Riverbed Memory stores past review decisions as structured records that subsequent review runs can reference.

Prerequisites

  • Node.js 22+
  • npm ci completed

End-to-End Usage

1. Save memory during eval runs

Add the --persist-memory flag to npm run eval:all to automatically save eval results to .river/memory/index.json.

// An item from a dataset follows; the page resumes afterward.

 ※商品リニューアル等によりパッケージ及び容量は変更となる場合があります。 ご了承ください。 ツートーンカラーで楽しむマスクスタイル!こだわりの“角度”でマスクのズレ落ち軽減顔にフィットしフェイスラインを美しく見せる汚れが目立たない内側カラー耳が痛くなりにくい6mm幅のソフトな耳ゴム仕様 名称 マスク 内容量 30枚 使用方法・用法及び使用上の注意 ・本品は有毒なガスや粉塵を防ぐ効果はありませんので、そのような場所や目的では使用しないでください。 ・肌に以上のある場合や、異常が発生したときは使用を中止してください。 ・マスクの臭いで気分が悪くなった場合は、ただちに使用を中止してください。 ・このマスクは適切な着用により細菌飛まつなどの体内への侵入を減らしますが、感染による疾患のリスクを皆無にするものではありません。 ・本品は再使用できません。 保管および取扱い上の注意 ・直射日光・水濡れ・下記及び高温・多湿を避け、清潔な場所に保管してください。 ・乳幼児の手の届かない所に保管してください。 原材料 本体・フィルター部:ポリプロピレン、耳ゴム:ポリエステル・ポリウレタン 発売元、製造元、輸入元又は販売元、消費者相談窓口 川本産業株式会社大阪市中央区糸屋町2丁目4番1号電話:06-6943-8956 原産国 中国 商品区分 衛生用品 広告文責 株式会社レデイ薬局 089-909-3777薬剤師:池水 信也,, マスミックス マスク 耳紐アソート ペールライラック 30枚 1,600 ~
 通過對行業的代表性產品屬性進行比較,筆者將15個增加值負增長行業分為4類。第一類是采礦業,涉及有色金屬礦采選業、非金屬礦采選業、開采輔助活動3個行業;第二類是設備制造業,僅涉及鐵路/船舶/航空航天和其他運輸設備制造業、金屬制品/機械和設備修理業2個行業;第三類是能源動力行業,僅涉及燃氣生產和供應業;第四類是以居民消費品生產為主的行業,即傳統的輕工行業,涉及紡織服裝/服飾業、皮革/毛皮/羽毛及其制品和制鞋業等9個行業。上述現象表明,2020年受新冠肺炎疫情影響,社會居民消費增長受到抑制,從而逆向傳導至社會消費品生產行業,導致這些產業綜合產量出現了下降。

npm run eval:all -- --persist-memory --append-ledger --description "baseline"

After execution, an entry is appended to .river/memory/index.json.

2. Add memory entries manually

Use the API from src/lib/riverbed-memory.mjs to add records directly.

import { appendEntry } from './src/lib/riverbed-memory.mjs';

appendEntry('.river/memory/index.json', {
id: 'wontfix-silent-catch-utils',
type: 'wontfix',
title: 'Silent catch in utils.mjs is intentional',
content: 'Error logging is handled upstream, so re-throwing in catch is unnecessary.',
metadata: {
createdAt: new Date().toISOString(),
author: 'reviewer',
phase: 'midstream',
tags: ['observability', 'silent-catch'],
confidence: 0.9,
},
context: {
sourcePR: 'https://github.com/example/repo/pull/42',
},
});

3. Query memory entries

import { loadMemory, queryMemory } from './src/lib/riverbed-memory.mjs';

const index = loadMemory('.river/memory/index.json');

// Filter by type
const wontfixEntries = queryMemory(index, { type: 'wontfix' });

// Filter by phase + tags
const midstreamSecurity = queryMemory(index, {
phase: 'midstream',
tags: ['security'],
});

4. Persist in CI via GitHub Artifacts

.github/workflows/riverbed-persist.yml handles persistence through GitHub Artifacts.

# Call from another workflow
jobs:
persist:
uses: ./.github/workflows/riverbed-persist.yml

It automatically downloads the previous artifact and uploads the updated version (90-day retention). If no memory is found, the system operates normally (stateless fallback).

Save and compare review runs (result store)

You can persist review runs and compare them against earlier runs for regression. The result store lives in .river/runs/, separate from memory (.river/memory/).

--save: persist a run

Add --save to river run to persist the run to the result store (.river/runs/).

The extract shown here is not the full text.